Information shown:
::::

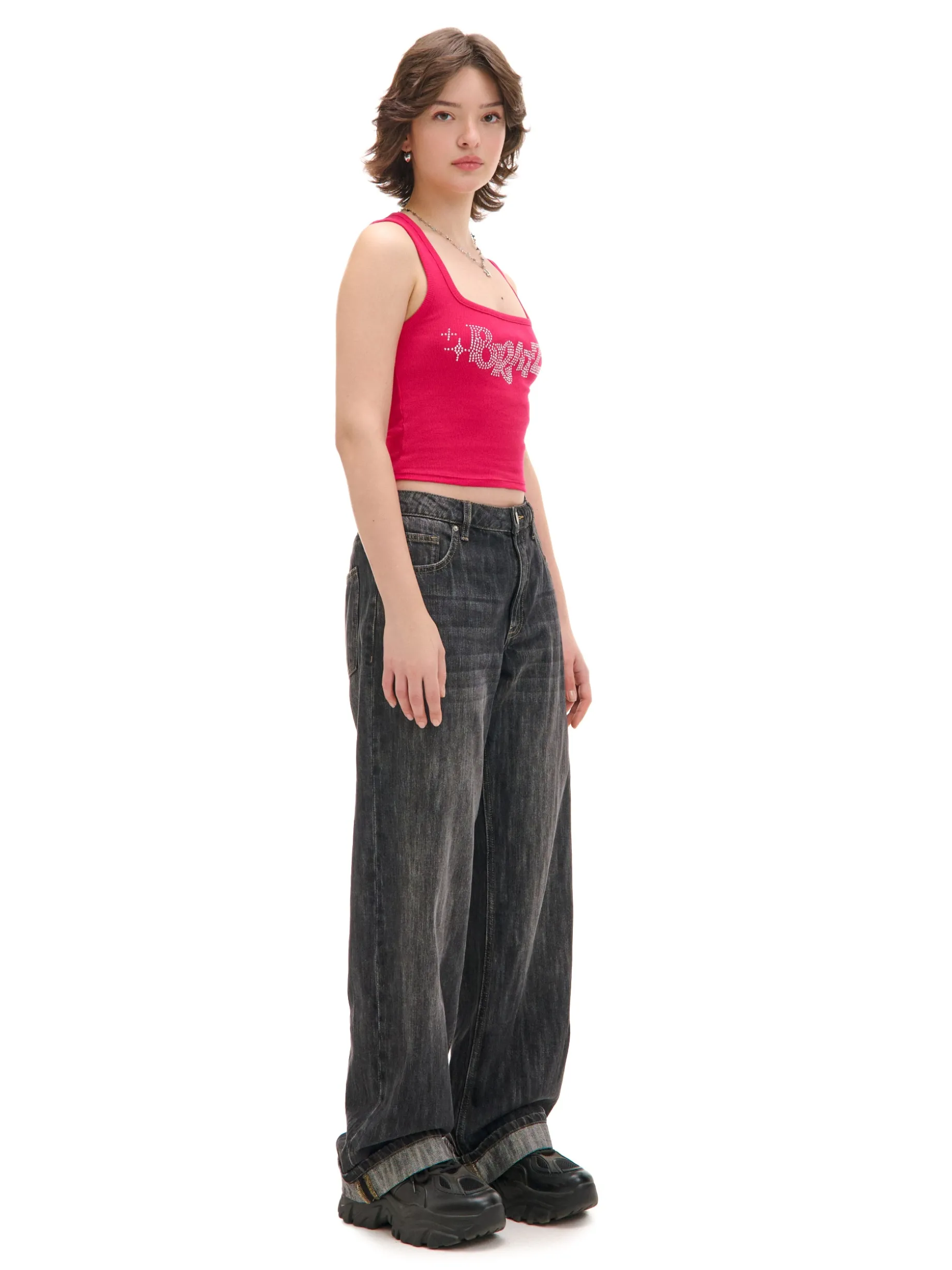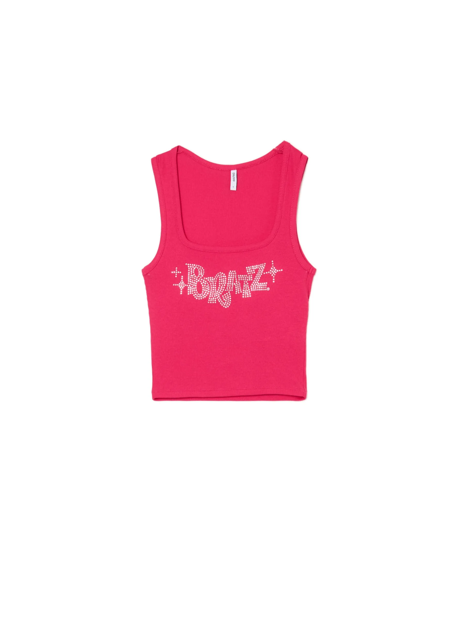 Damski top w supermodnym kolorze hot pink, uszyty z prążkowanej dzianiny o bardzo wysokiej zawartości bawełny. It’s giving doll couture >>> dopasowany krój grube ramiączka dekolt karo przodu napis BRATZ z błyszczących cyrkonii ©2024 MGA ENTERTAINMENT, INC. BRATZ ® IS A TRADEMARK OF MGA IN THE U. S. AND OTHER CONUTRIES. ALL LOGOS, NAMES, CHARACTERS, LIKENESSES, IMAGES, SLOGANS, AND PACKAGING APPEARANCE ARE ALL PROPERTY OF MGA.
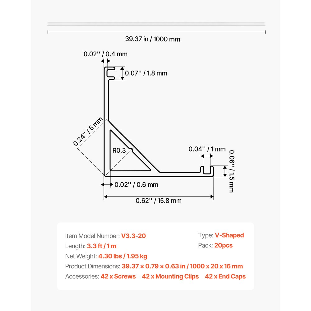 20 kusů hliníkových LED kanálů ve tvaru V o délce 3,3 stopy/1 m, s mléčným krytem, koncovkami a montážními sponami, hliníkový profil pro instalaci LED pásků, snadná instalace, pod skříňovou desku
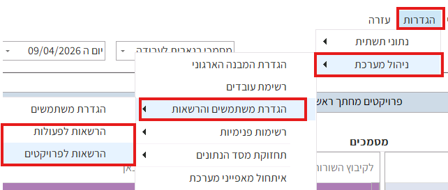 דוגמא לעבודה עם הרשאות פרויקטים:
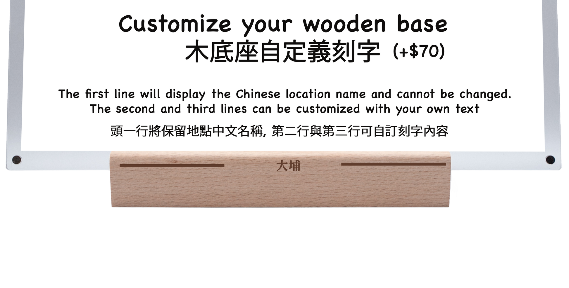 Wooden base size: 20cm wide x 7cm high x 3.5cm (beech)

::::

Copy the listing above in full and exactly, but omit each picture that it holds.

Reply:
 Damski top w supermodnym kolorze hot pink, uszyty z prążkowanej dzianiny o bardzo wysokiej zawartości bawełny. It’s giving doll couture >>> dopasowany krój grube ramiączka dekolt karo przodu napis BRATZ z błyszczących cyrkonii ©2024 MGA ENTERTAINMENT, INC. BRATZ ® IS A TRADEMARK OF MGA IN THE U. S. AND OTHER CONUTRIES. ALL LOGOS, NAMES, CHARACTERS, LIKENESSES, IMAGES, SLOGANS, AND PACKAGING APPEARANCE ARE ALL PROPERTY OF MGA.
 20 kusů hliníkových LED kanálů ve tvaru V o délce 3,3 stopy/1 m, s mléčným krytem, koncovkami a montážními sponami, hliníkový profil pro instalaci LED pásků, snadná instalace, pod skříňovou desku
 דוגמא לעבודה עם הרשאות פרויקטים:
 Wooden base size: 20cm wide x 7cm high x 3.5cm (beech)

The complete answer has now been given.